Thursday, July 17, 2008

St. Albert Gore's "moon shot" isn't -- but solar energy may not be as impractical as it used to be

Capture the wind, says St. Albert, and the sun and other "Earth-friendly" energy sources and produce every kilowatt of electricity used in the United States from these sources alone in the next 10 years.

St. Albert likens his proposal to another national commitment made, nearly 50 years ago, by John F. Kennedy, to put a man on the Moon.

These are not remotely comparable proposals.

Kennedy's was a visionary quest -- literally pushing mankind to boldly go where no one had gone before. St. Albert's is like a plan to remodel the kitchen.

That doesn't mean that Gore's idea is bad; indeed, like a lot of kitchen remodeling plans, it's probably long overdue. There are problems, though: Blades from giant fans harnessing wind power would need to be placed where the wind blows freest. Oddly enough, these are also pathways traversed by migrating birds. Large bird populations... giant whirling blades... it doesn't take much imagination to see the potential problem.
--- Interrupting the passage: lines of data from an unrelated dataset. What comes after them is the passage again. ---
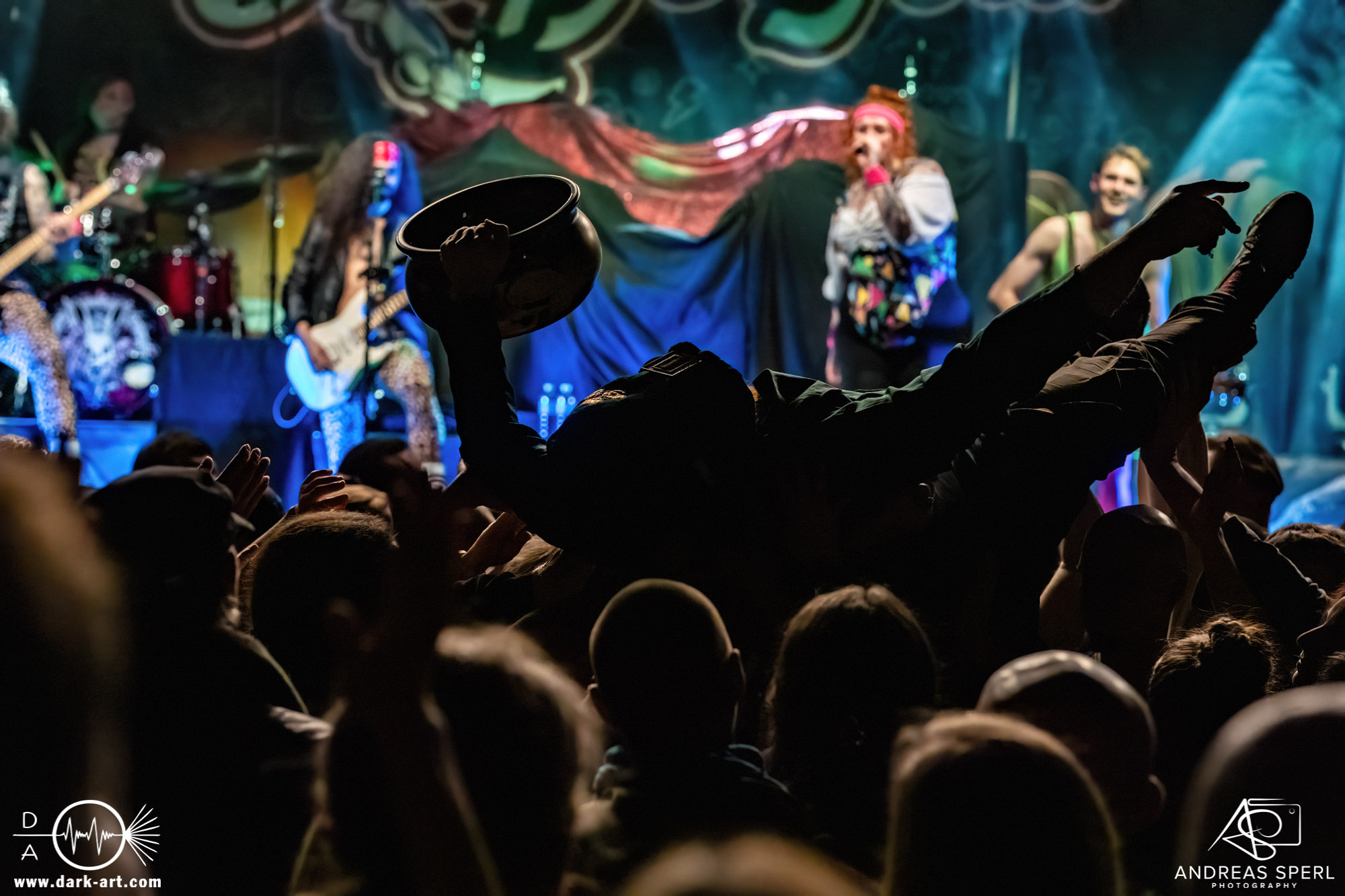 Besondere Bilder entstanden auch bei Tatzelwurm, als aufblasbare Krokodile durch die Menge surften, und bei Bunt und nicht braun, als bunte Riesenbälle über die Köpfe hinweg durch die Halle flogen. Spätestens hier sang, tanzte und feierte wirklich jeder Einzelne.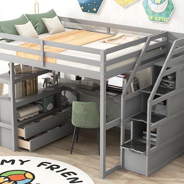 Full Size Loft Bed with Desk and Shelves, Two Built-in Drawers, Storage Staircase, GrayThis full size loft bed with desk, shelves and drawers is a simple and stylish bed frame that coordinates well with a variety of decor styles, allowing you to elevate and enhance your space with ease. Staircase can ensure that you can reach the upper bunk safely, and can also provide storage space for your items. Made of solid solid pine wood with strong support slats, this bed is durable and sure to accompany you for many years to come. What's more, it's a desk, shelf and two large storage drawers all in one.DescriptionMaterialPine Wood+MDFSizeFullColorGrayNumbers of Package3Spring boxNo needAssembly RequiredYesOriginVietnamDimensionsOverall Product Dimension95.1''L*57''W*65''HPackage DimensionPlease refer to the SpecificationBed Dimension76''x 55.5''Total height65''Overall Product Weight295.5lbLoft Bed Weight Capability350lbRecommend Mattress thickness6''[Multifunctionl Design]This loft bed includes a desk, shelves storage staircase and two large storage drawers in one.Not only provides you with a place to work or study, but also provides a large storage space.[Maximized Space] The full loft bed can save plenty of room for you to place other furniture in your bedroom. This bed provide ample storage for your everyday items.[Sturdy Frame] The bed structure is crafted from high-quality solid pine wood, solid pine legs and a strong, durable frame so that the bed is sturdy and durable.[Safety Guaranteed] Solid wood slats blend naturally into the already sturdy frame to give added ground-up support that provides stability.The loft bed features guard rails for added safety, and is accessible via the sturdy, slanted staircase. Enjoy many long years of relaxation and family fun, secure in this meticulously designed wood loft bed.[No Box Spring Needed] The wood slats support the mattresses not to slide and increase the service life.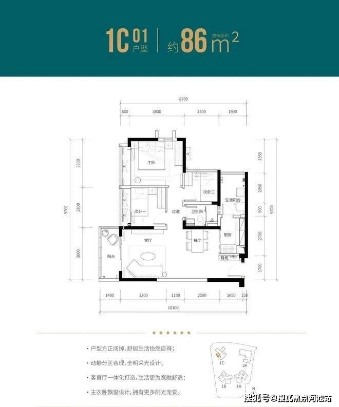 建面约82-89㎡ 舒居准现房,户型格局方正,约3.6-3.8米开阔客厅,使用率极高。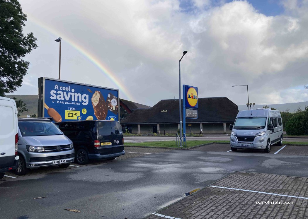 There's limited overnight parking in this area so thank you lidl for putting up with us - would recommend asking in store before hand or arriving super late/leaving early. Don't block the billboard from the cleaners!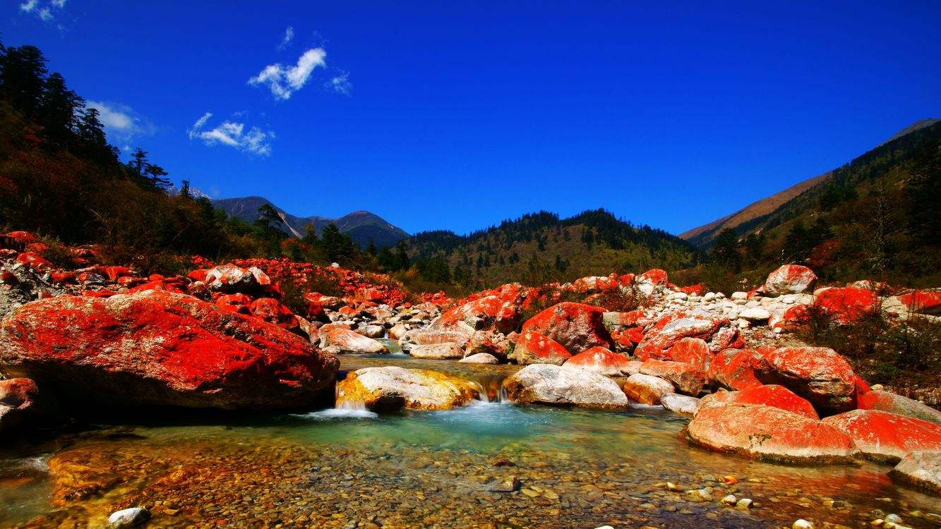 红石是大自然赐给海螺沟最珍惜的物种之一。在海螺沟、燕子沟、南门关沟、雅家埂都分布着大面积的红石滩。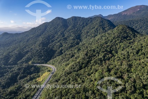 Picture taken with drone of BR-277 (Grande Estrada) - Road that connects Curitiba to the coast of Parana - Serra do Mar - Morretes city - Parana state (PR) - Brazil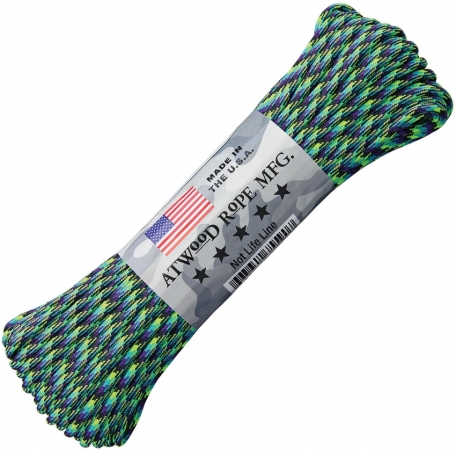 550 cord. 7 strand core. Color: Invader (light blue, green, purple, black). 100 ft. Bulk packed.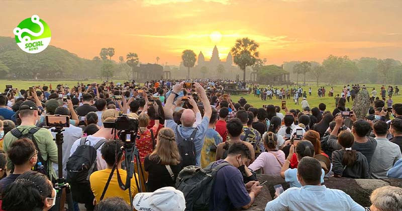 ឃើញហើយរំភើប! ភ្ញៀវទេសចរជាតិ និងអន្តរជាតិ រាប់រយនាក់ប្រជ្រៀតគ្នាទស្សនា ថ្ងៃរះចំកំពូលប្រាសាទអង្គរវត្ត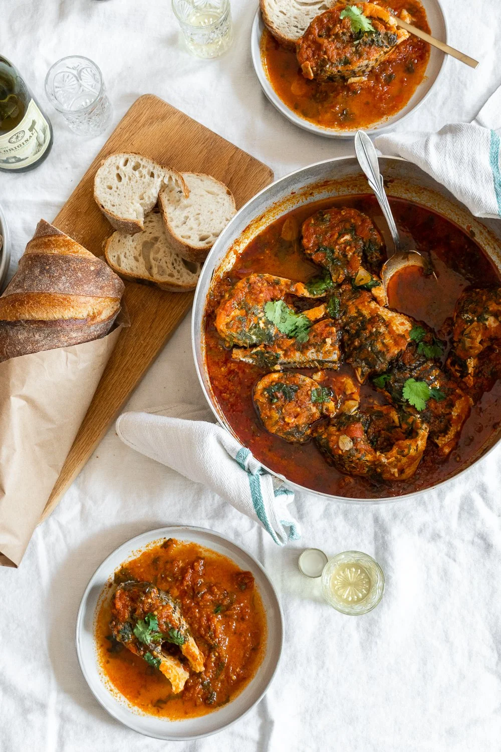 When tender fish is cooked in a rich, spiced tomato sauce and fresh herbs, the result is beyond perfection. Serve it with a thick slice of bread to soak up all the tomato-ey deliciousness.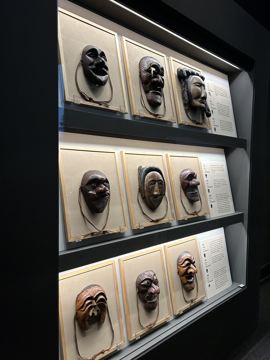 기존의 탈 전시와 달리 말뚝이 대 양반, 할미 대 영감 등으로 주제를 나눠 전시한 점이 돋보인다.

And, of course, these giant fans will be giant eyesores wherever they are placed.

Solar technology, too, has long been more expensive and less efficient than the fossil fuel technologies that upset St. Albert so. But I recently heard, on the Osgood Files, a report concerning a promising new advance in solar cell technology.

Actually, it's not so much an advance as a return to a technology that was briefly considered, and abandoned, in the 70s. CBS Radio's Charles Osgood reports that Marc Boland, a professor of electrical engineering at MIT, is leading a team of researchers there in the development of solar cells that consist of glass with a very thin layer of paint or dye on top of it. This, Boland says, "allows us to concentrate light onto a much smaller area of solar cells" -- using "off-the-shelf" materials and making more solar energy, more efficiently, without motorized moving mirrors.

This is exciting stuff -- not a "moon shot" by any means, but a wonderful, hopeful, idea. And energy plans using off-the-shelf materials sound a heck of a lot better to me than massive government forays into huge construction projects.